How were the reference files used by ldsR construced?

There are a lot of different versions of the original LDscore files floating around the internet. for example, the tutorial from the ldsc github references the eur_w_ld_chr folder, which as far as i can tell is longer available online.

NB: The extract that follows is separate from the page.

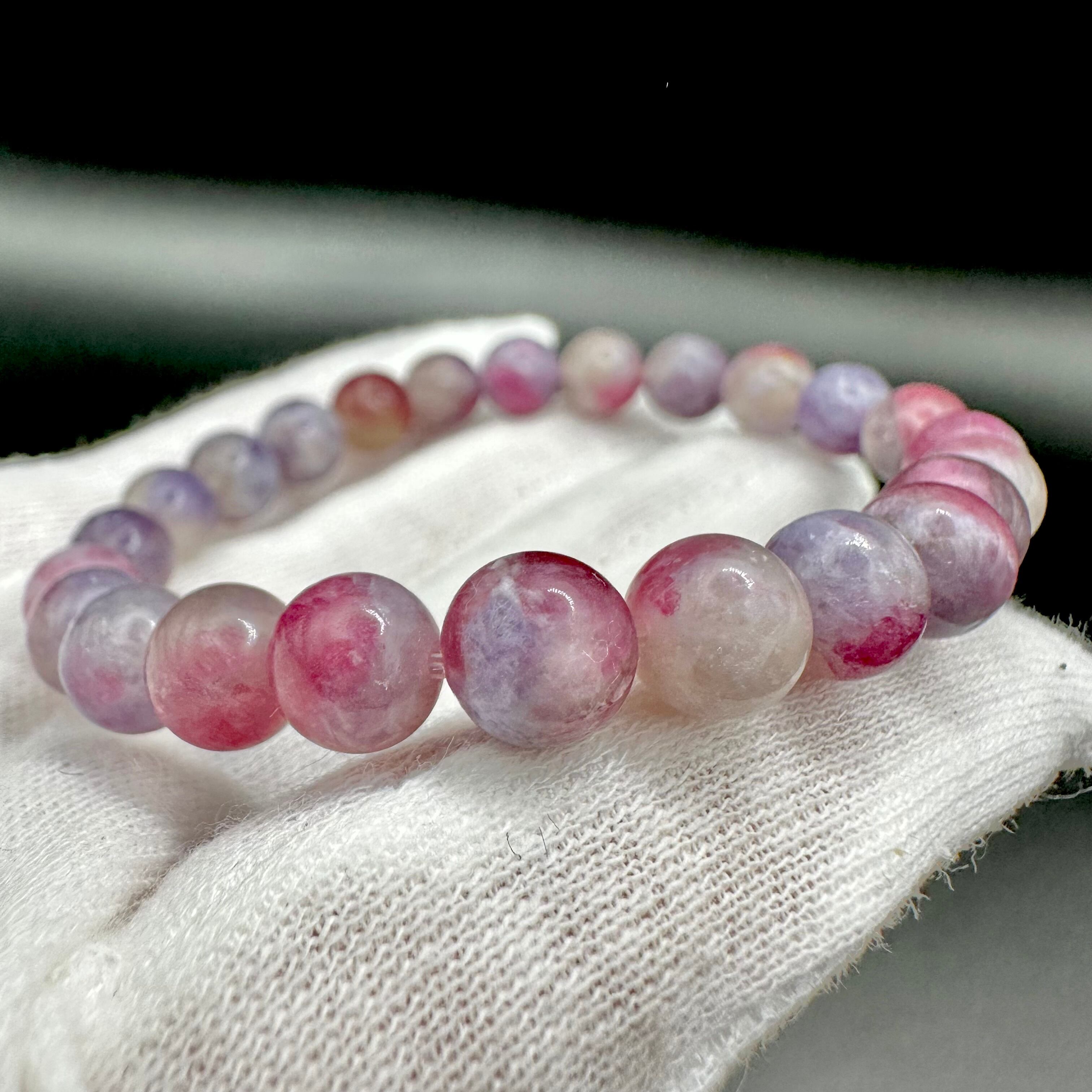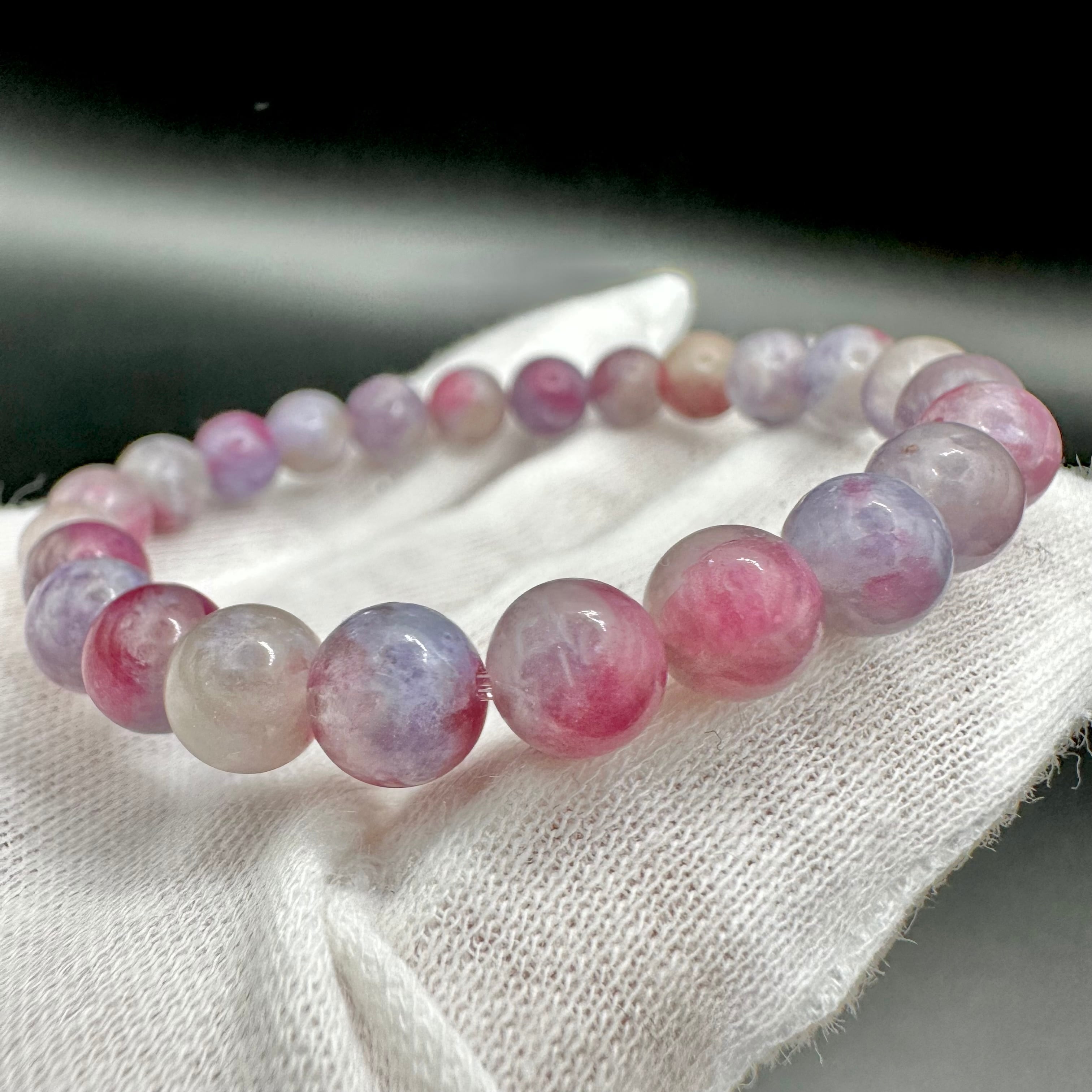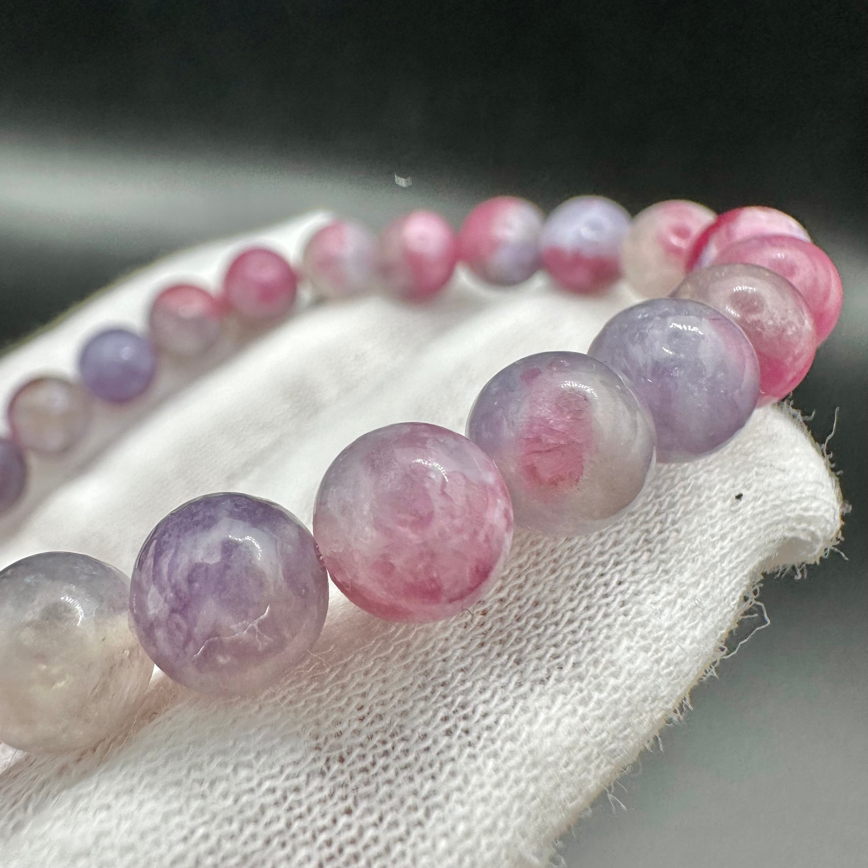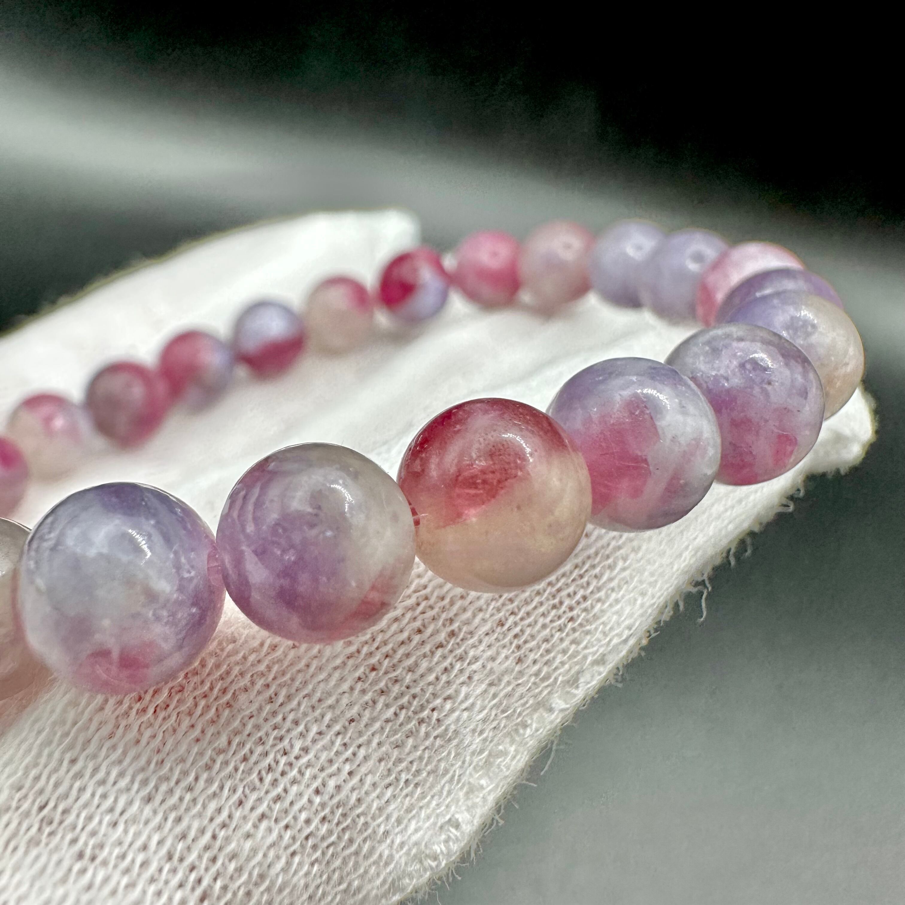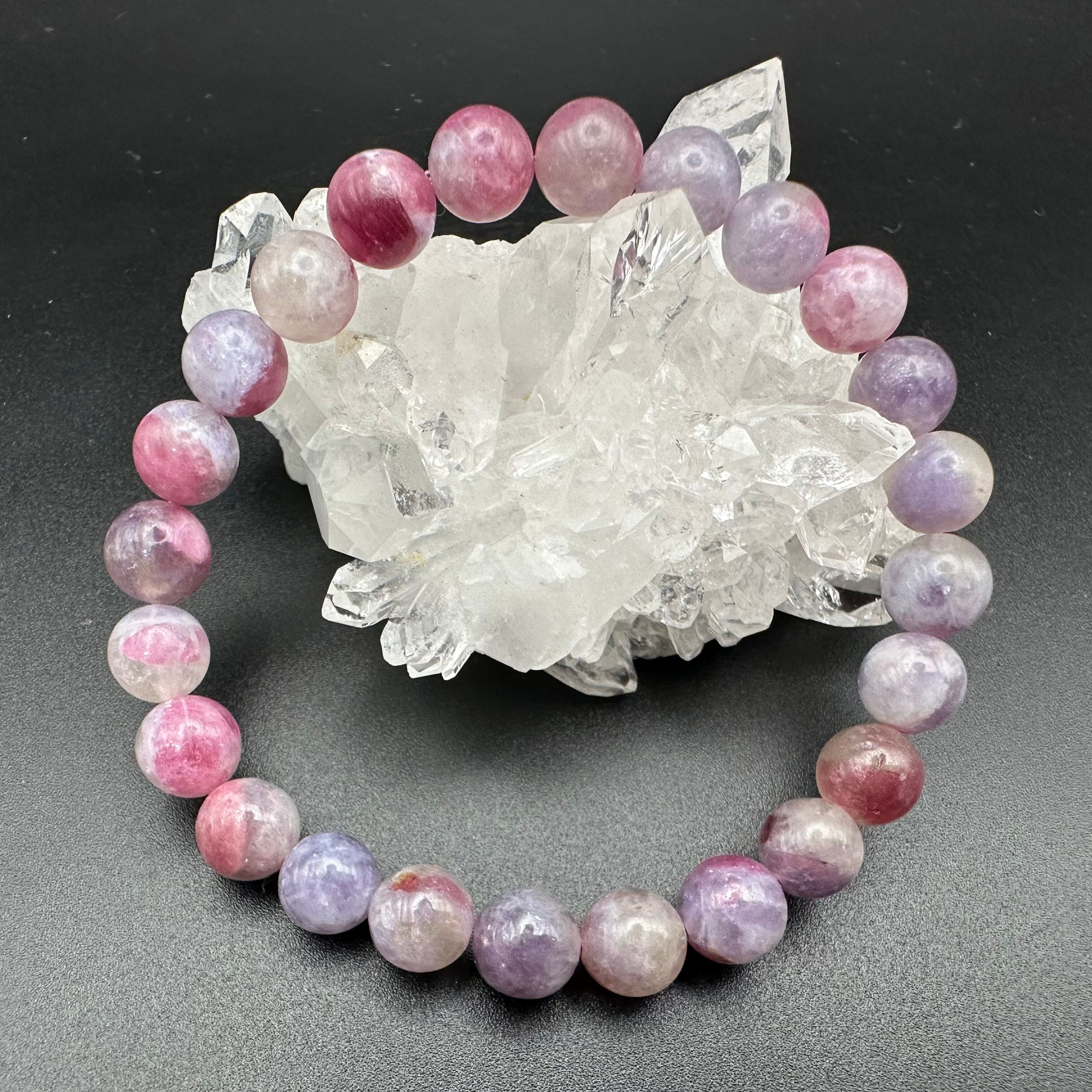 透明感がある部分もあり、ピンクトルマリンの濃いピンクと、レピドライトの濃い紫の発色がとても良く美しいです。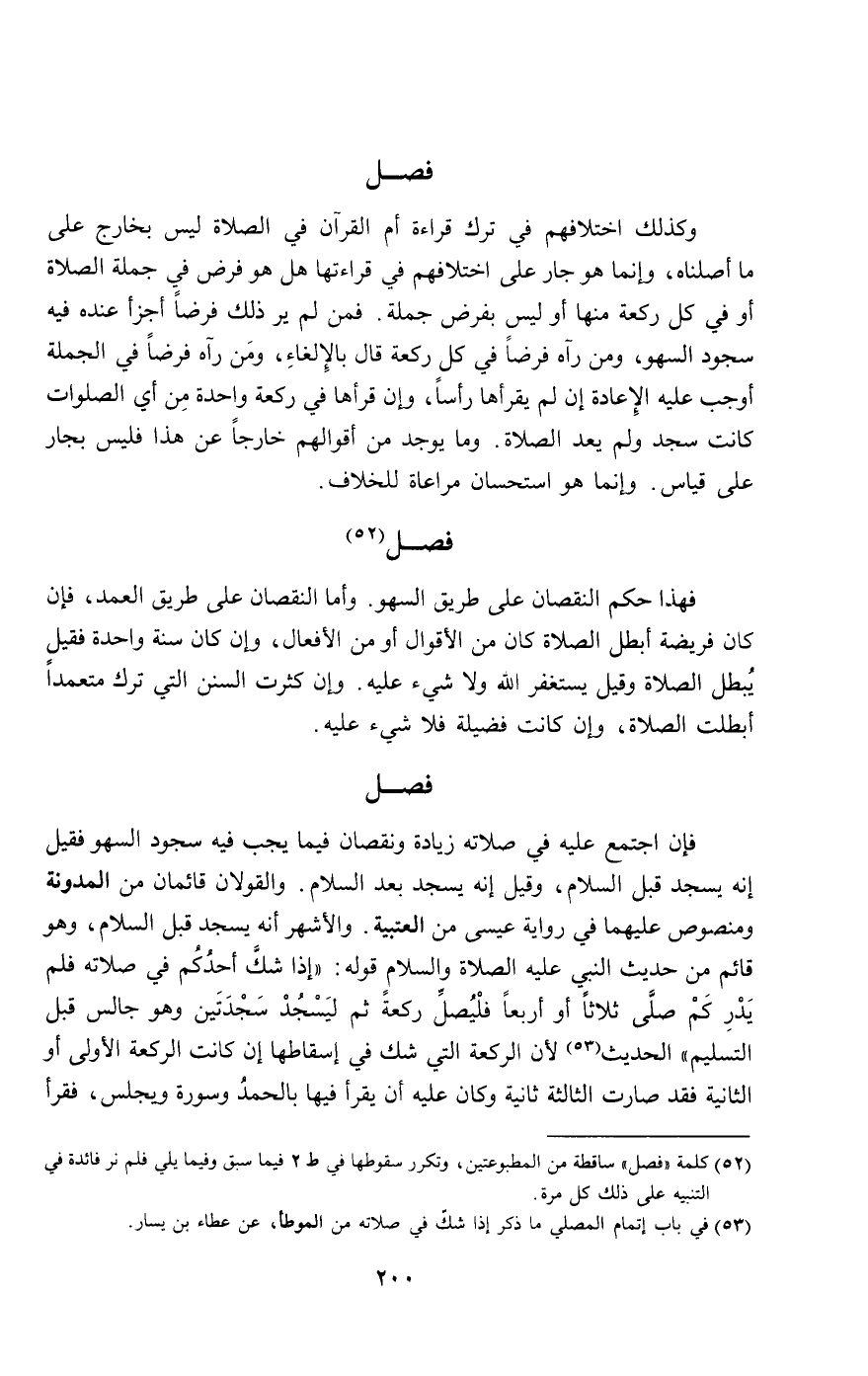 وكذلك اختلافهم في ترك قراءة أم القرآن في الصلاة ليس بخارج على ما أصلناه، وإنما هو جار على اختلافهم في قراءتها هل هو فرض في جملة الصلاة أو في كل ركعة منها أو ليس بفرض جملة. فمن لم ير ذلك فرضا أجزأ عنده فيه سجود السهو، ومن رآه فرضا في كل ركعة قال بالإلغاء، ومن رآه فرضا في الجملة أوجب عليه الإعادة إن لم يقرأها رأسا، وإن قرأها في ركعة واحدة من أي الصلوات كانت سجد ولم يعد الصلاة. وما يوجد من أقوالهم خارجا عن هذا فليس بجار على قياس. وإنما هو استحسان مراعاة للخلاف.

The readme from the previous location https://alkesgroup.broadinstitute.org/LDSCORE/README_new_data_location.txt references the S-LDSC directory from Steven Gaza at Zenodo

However, the files corresponding to univariate LDscore regression, 1000G_Phase3_ldscores.tgz are not identical to the previously standard, eur_w_ld_chr I have made available the version of eur_w_ld_chr that our group had available at zenodo This file is shipped with the ldsR package.

setwd(tempdir())
# Define the URL and destination file
url <- "https://zenodo.org/records/14993076/files/eur_w_ld_chr.tgz"
destfile <- "eur_w_ld_chr.tgz"

# Download the file
download.file(url, destfile, mode = "wb")
# Extract the contents
untar(destfile, exdir = "eur_w_ld_chr")

# Remove the tar file after extraction
file.remove(destfile)

# contains LD split by chr. 
list.files("eur_w_ld_chr/eur_w_ld_chr")

# ordered matters here for the jackknife. Reorder as intended
ld_files <- paste0("eur_w_ld_chr/eur_w_ld_chr/", c(1:22), ".l2.ldscore.gz")

ld <- map(ld_files, \(x) read_delim_arrow(x, delim = "\t")) |> 
  list_rbind()

# Verify that they are ordered by physical location.
all(dplyr::arrange(ld, CHR, BP)$SNP == ld$SNP)

# get M
m_files <- paste0("eur_w_ld_chr/eur_w_ld_chr/", c(1:22), ".l2.M_5_50")
m <- map_dbl(m_files, \(x) readLines(x) |> as.numeric()) |> sum()
# m : 1173569

dplyr::select(ld, SNP, L2) |> 
  arrow::write_parquet("inst/extdata/eur_w_ld.parquet")


# The ldsc munge function actual restrices the regression SNPs even further, with the set of SNPs in w_hm3.snplist" 
df <- arrow::read_tsv_arrow("eur_w_ld_chr/eur_w_ld_chr/w_hm3.snplist") |> dplyr::tibble()

arrow::write_parquet(df, "inst/extdata/w_hm3.snplist.parquet")

partitioned heritability (multivariate LDscore regression)

For partitioned heritability, cell-type analysis and other applications with multiple annotations, another set of weights is the standard use case. Here we turn the files on zenodo from Steven Gazal at Zenodo.

setwd(tempdir())
# Define the URL and destination file
url <- "https://zenodo.org/records/7768714/files/1000G_Phase3_weights_hm3_no_MHC.tgz"
destfile <- "1000G_Phase3_weights_hm3_no_MHC.tgz"

# Download the file
download.file(url, destfile, mode = "wb")
# Extract the contents
untar(destfile, exdir = "1000G_Phase3_weights_hm3_no_MHC")

# Remove the tar file after extraction
file.remove(destfile)

# contains LD split by chr. 
list.files("1000G_Phase3_weights_hm3_no_MHC/1000G_Phase3_weights_hm3_no_MHC")

# again, order matters
ld_files <- paste0("1000G_Phase3_weights_hm3_no_MHC/1000G_Phase3_weights_hm3_no_MHC/", "weights.hm3_noMHC.", c(1:22),".l2.ldscore.gz")
ld <- map(ld_files, \(x) read_delim_arrow(x, delim = "\t")) |> 
  list_rbind()

all(dplyr::arrange(ld, CHR, BP)$SNP == ld$SNP)
arrow::write_parquet(dplyr::select(ld, SNP, L2), "inst/extdata/1000G_Phase3_weights_hm3_no_MHC.parquet")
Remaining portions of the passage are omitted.